WHAT YOU WILL DO. What is needed is every line from the one holding "马氏规则还可以用甲基的诱导效" to the last line of the data below, printed exactly and without pictures.
▬▬▬▬▬▬
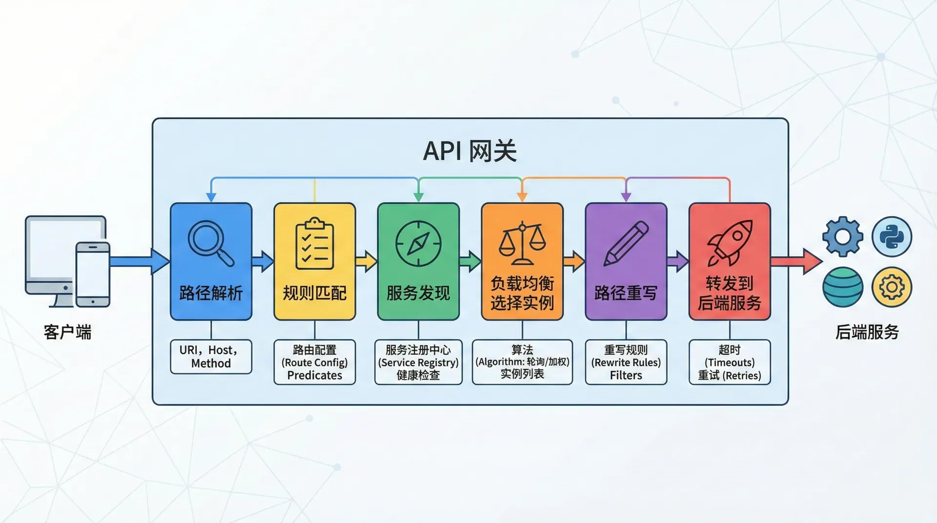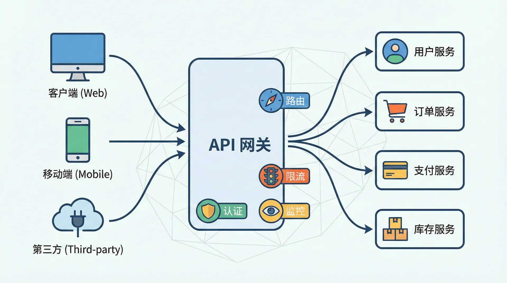 API 网关通过在客户端和后端服务之间引入一个中间层,优雅地解决了这些问题。客户端只需要与网关交互,由网关负责路由请求到正确的服务,处理各种横切关注点,并在必要时进行协议转换。
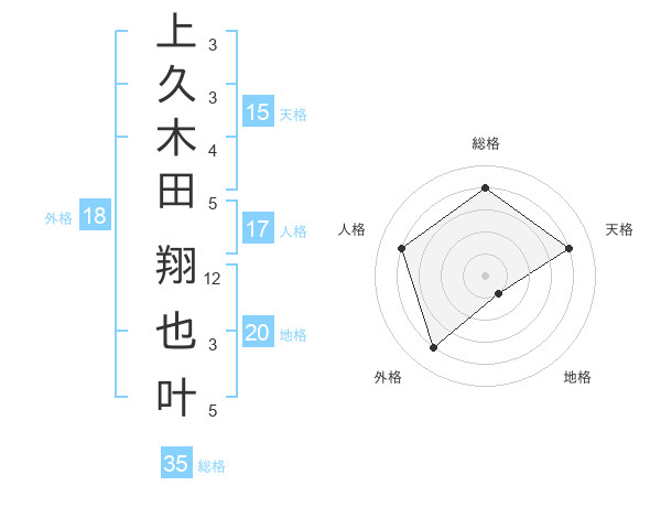 上久木田 翔也叶さんを姓名の画数から五運を鑑定
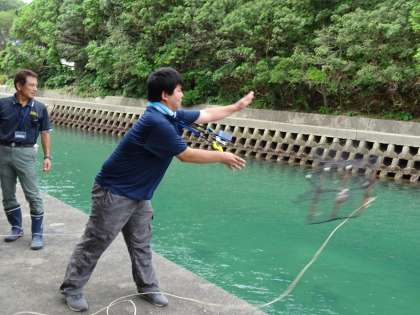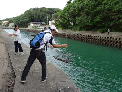 グループで決めた魚介類のコールの中,かごは投げ入れられました。
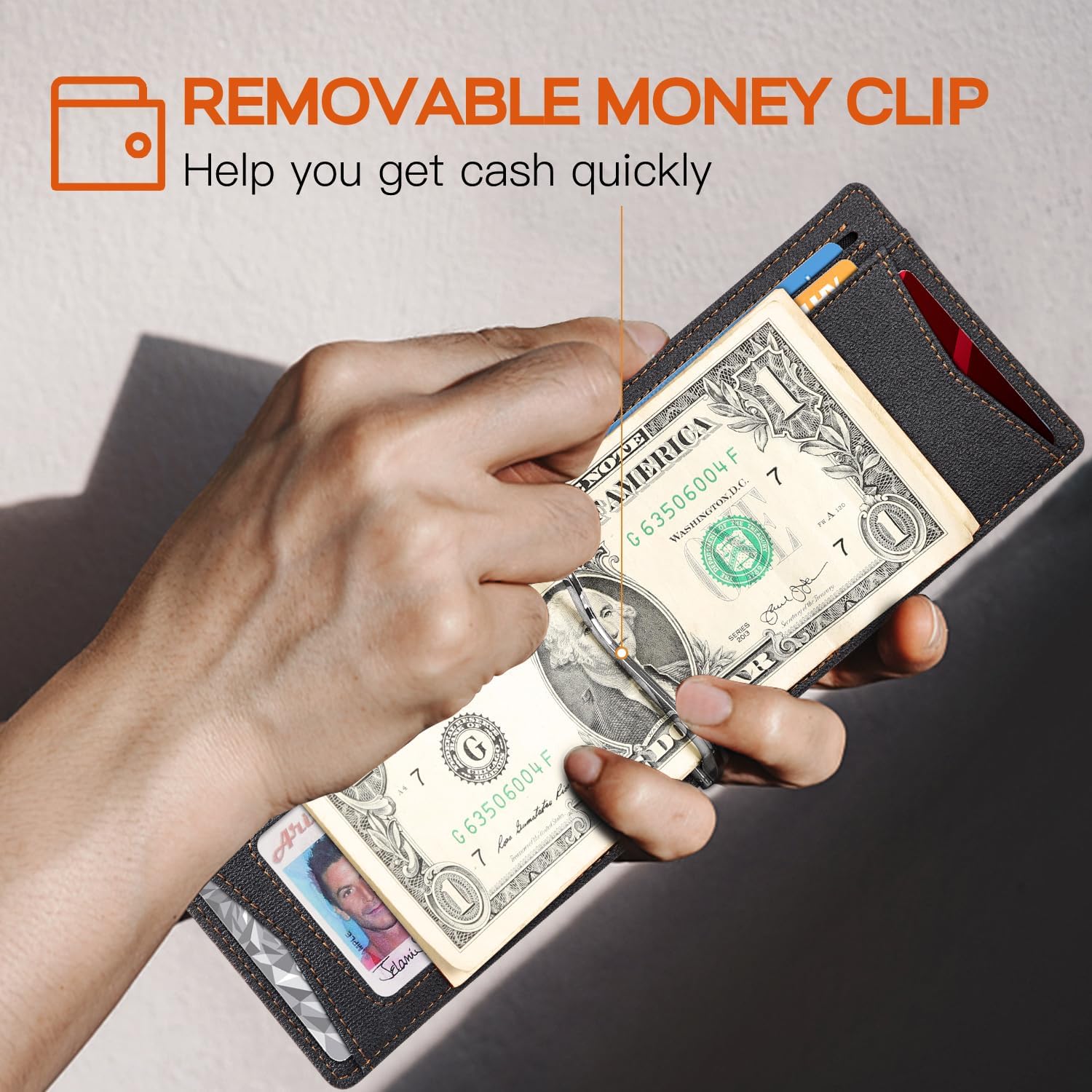 - Large Capacity Wallet: Designed as a slim wallet for men, it effortlessly fits into pockets without bulk. Measuring just 4.4x3.5x0.4 inches the card holder wallet could hold 11 cards and cash securely, ideal for ever daily or travel used
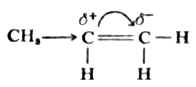 马氏规则还可以用甲基的诱导效应来解释。丙烯是不对称烯烃,与乙烯不同。乙烯的双键的两个碳原子各连两个氢,其分子中π电子云的分布是均匀的。丙烯双键的两个碳原子中,有一个连两个氢,另一个连着氢和甲基。由于氢与甲基的电负性不同,氢的电负性大,甲基的电负性小,所以,丙烯分子中碳碳双键上的电子云密度比乙烯的大,同时π电子云的分布也不均匀:
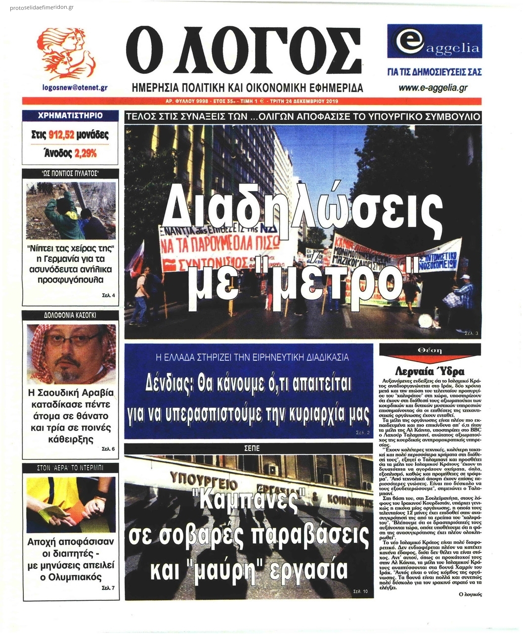 Διαβάστε όλα τα πρωτοσέλιδα των πολιτικών εφημερίδων της Τρίτης 24 Δεκεμβρίου. Πλήρης ενημέρωση με μια γρήγορη ματιά!
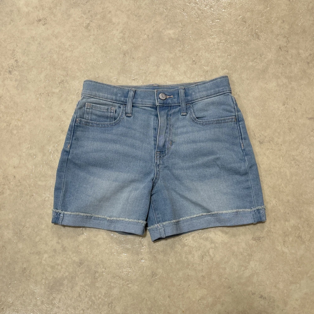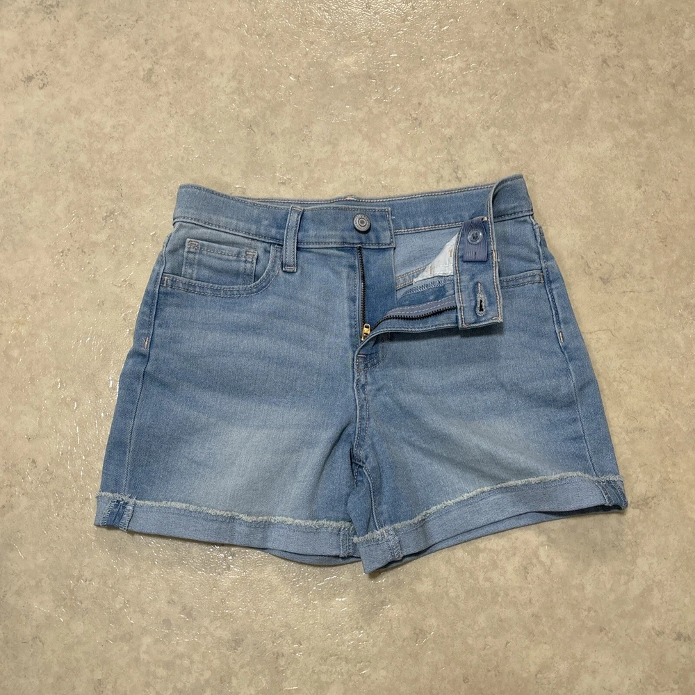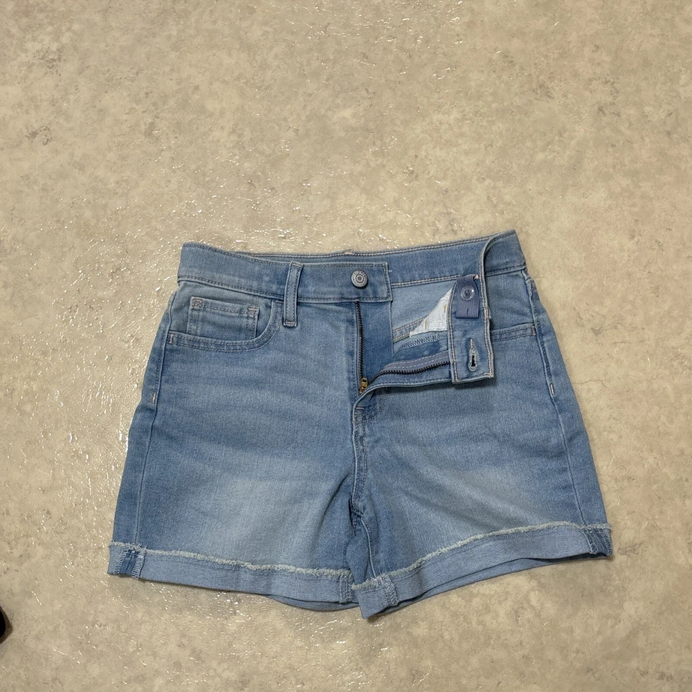 UPC: Does not apply Color: Blue - Black Garment Care: Machine Washable Occasion: Everyday, Casual, Travel Inseam: 3.5 in Style: Cut-Off Fabric Type: Denim & Blended Fabrics Department: Girls Brand: Old Navy gtin13: Does not apply Theme: Classic, American, City, Festival, Fun, Happy, Hipster, School Size: 12 & 10-12 Features: Adjustable Waist
▬▬▬▬▬▬
YOUR SOLUTION.
 马氏规则还可以用甲基的诱导效应来解释。丙烯是不对称烯烃,与乙烯不同。乙烯的双键的两个碳原子各连两个氢,其分子中π电子云的分布是均匀的。丙烯双键的两个碳原子中,有一个连两个氢,另一个连着氢和甲基。由于氢与甲基的电负性不同,氢的电负性大,甲基的电负性小,所以,丙烯分子中碳碳双键上的电子云密度比乙烯的大,同时π电子云的分布也不均匀:
 Διαβάστε όλα τα πρωτοσέλιδα των πολιτικών εφημερίδων της Τρίτης 24 Δεκεμβρίου. Πλήρης ενημέρωση με μια γρήγορη ματιά!
 UPC: Does not apply Color: Blue - Black Garment Care: Machine Washable Occasion: Everyday, Casual, Travel Inseam: 3.5 in Style: Cut-Off Fabric Type: Denim & Blended Fabrics Department: Girls Brand: Old Navy gtin13: Does not apply Theme: Classic, American, City, Festival, Fun, Happy, Hipster, School Size: 12 & 10-12 Features: Adjustable Waist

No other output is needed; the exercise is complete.